26.8.07

Perros.

A Nixon y Laika los separaba una cerca de metal ligeramente más alta que ellos. Al llegar ahí ambos eran cachorros, Laika era hija de un par de pastores alemanes que teníamos en casa, el papá había mordido la mano del Comandante cuando trató de acariciarlo. Ella nunca ladraba.
Nixón era negro con el pecho blanco, radiante, ladraba a todo el que miraba, era el perro de la vecina. Cuando iba de visita a aquel lugar donde colgaba el mismo columpio amarillo donde pasearon mi madre, mis tíos, y todos los que seguimos, nunca pasaba sola a lado de la cerca. Nixon era bellísimo, pero me aterraba.
El perro que me hacía temblar murió hace un mes, atropellado, dicen que de cualquier manera hubiera muerto de viejo.
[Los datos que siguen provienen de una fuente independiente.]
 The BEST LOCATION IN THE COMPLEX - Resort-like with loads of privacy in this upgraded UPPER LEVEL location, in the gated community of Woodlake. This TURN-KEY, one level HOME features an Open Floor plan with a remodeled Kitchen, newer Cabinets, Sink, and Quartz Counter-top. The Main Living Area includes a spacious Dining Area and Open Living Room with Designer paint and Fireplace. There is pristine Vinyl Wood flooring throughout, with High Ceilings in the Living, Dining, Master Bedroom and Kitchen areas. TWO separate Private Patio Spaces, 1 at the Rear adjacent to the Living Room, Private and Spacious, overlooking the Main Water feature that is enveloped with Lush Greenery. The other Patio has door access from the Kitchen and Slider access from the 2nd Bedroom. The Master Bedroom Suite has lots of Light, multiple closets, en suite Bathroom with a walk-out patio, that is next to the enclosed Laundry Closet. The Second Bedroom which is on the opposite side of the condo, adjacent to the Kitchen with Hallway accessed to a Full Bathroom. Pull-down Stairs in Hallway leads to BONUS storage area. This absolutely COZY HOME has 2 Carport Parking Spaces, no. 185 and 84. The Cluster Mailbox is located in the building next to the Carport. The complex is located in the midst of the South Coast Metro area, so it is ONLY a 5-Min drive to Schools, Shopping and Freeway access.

A Laika la encontraron esta mañana, con espuma saliendo del hocico, eso le dijeron al tío Neto cuando pidieron que fuera a enterrarla.
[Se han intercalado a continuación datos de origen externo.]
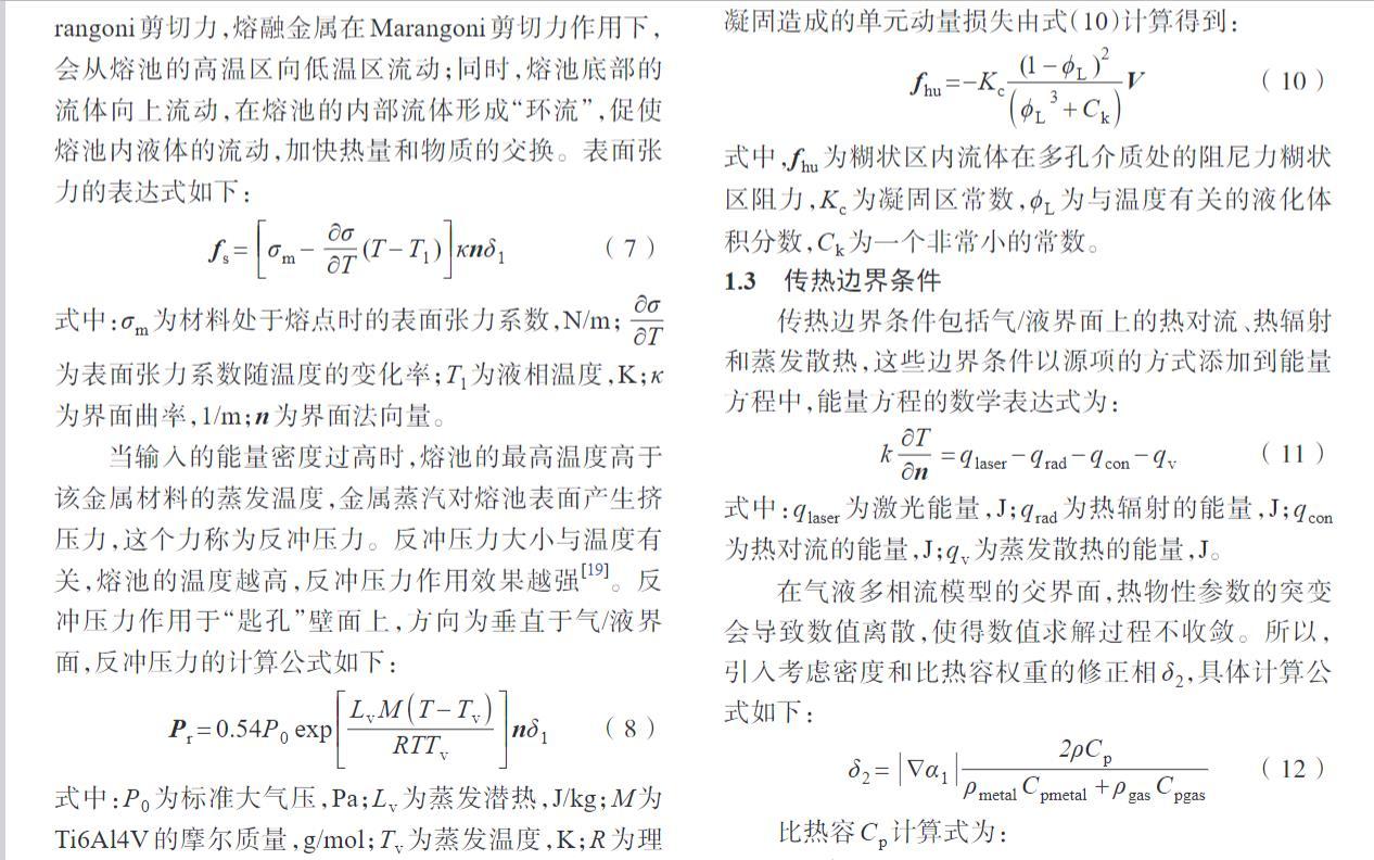 當輸入的能量密度過高時,熔池的最高溫度高于該金屬材料的蒸發溫度,金屬蒸汽對熔池表面產生擠壓力,這個力稱為反沖壓力。反沖壓力大小與溫度有關,熔池的溫度越高,反沖壓力作用效果越強。反沖壓力作用于“匙孔”壁面上,方向為垂直于氣/液界面,反沖壓力的計算公式如下:

Yo no jugué con ellos, a Laika la acaricié algunas veces, lo que hace uno siempre que mira un animal manso, no los quería. Pero me pesa que hayan muerto, porque me peso yo misma, porque las muertes son el tiempo.
En la llamada mi tía, la dueña, lloraba inconsolable. A mí me corrió discreta una lágrima, no por Laika, menos por mi tía. Por el tiempo que clava los colmillos. El maldito tiempo.